Ficha anestésica digital: el valor del registro continuo de la monitorización en la anestesia veterinaria
La ficha anestésica es el registro periódico de los parámetros vitales del paciente durante la anestesia de perros y gatos. Conozca qué variables documentar, con qué frecuencia y por qué el registro digital y continuo, con tendencias e historial en la nube, aporta valor clínico y médico-legal.

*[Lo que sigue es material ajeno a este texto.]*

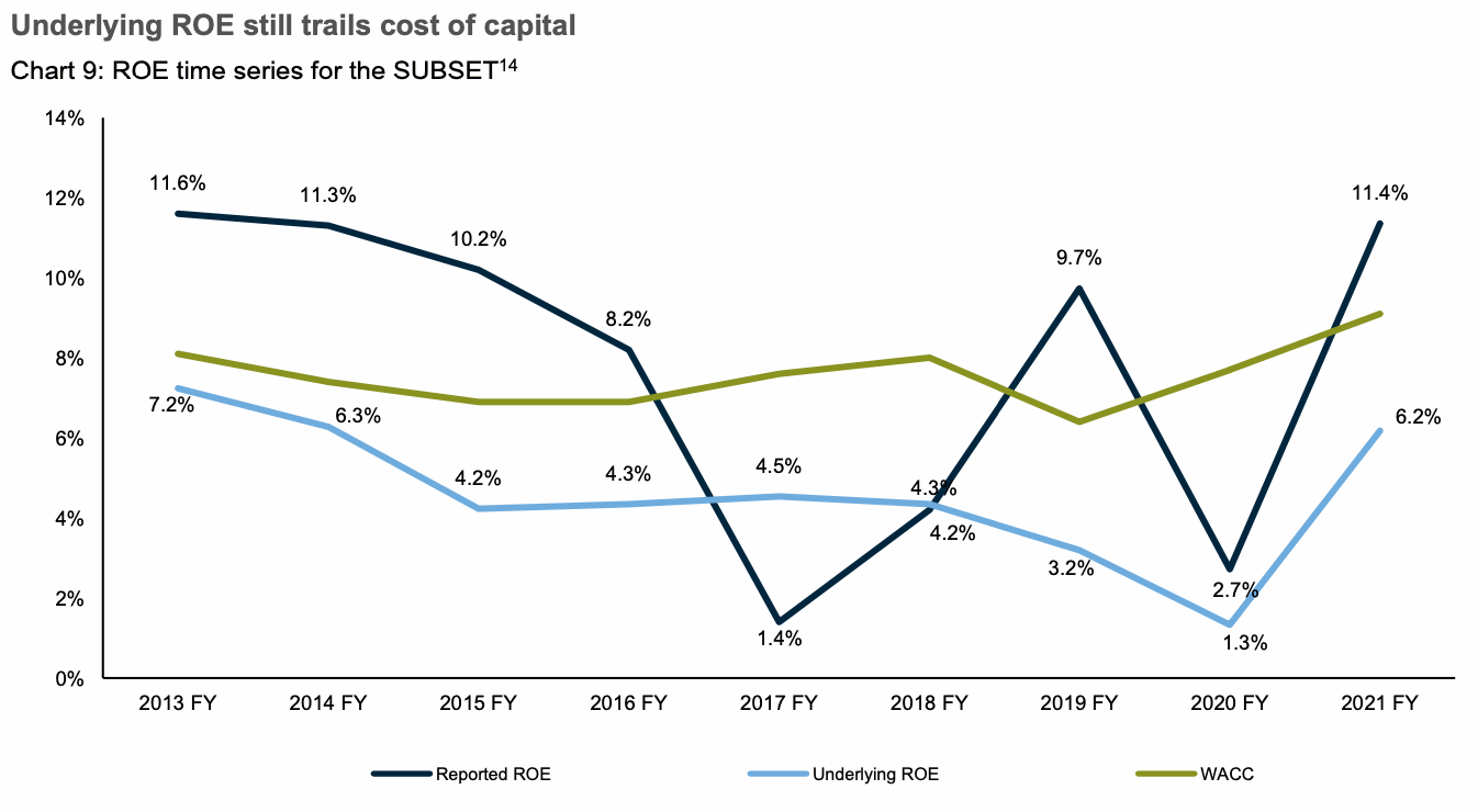 However, the report argues that the industry’s underlying RoE does not yet meet its cost of capital, which exceeded 8% in 2021, as shown in the chart below.

La ficha anestésica es el registro periódico y estructurado de los parámetros fisiológicos del paciente, de los fármacos administrados y de los eventos relevantes a lo largo de toda la anestesia de perros y gatos. Las directrices de monitorización anestésica veterinaria recomiendan anotar estos valores a intervalos regulares, tipicamente cada pocos minutos, para que el equipo siga la evolución del animal y no solo el valor aislado de un instante. Registrarlo de forma digital y continua, con tendencias e historial integrados en la nube, convierte esa anotación en una herramienta de detección precoz, trazabilidad y valor médico-legal. La decisión clínica de cómo anestesiar, monitorizar e intervenir es siempre del médico veterinario responsable.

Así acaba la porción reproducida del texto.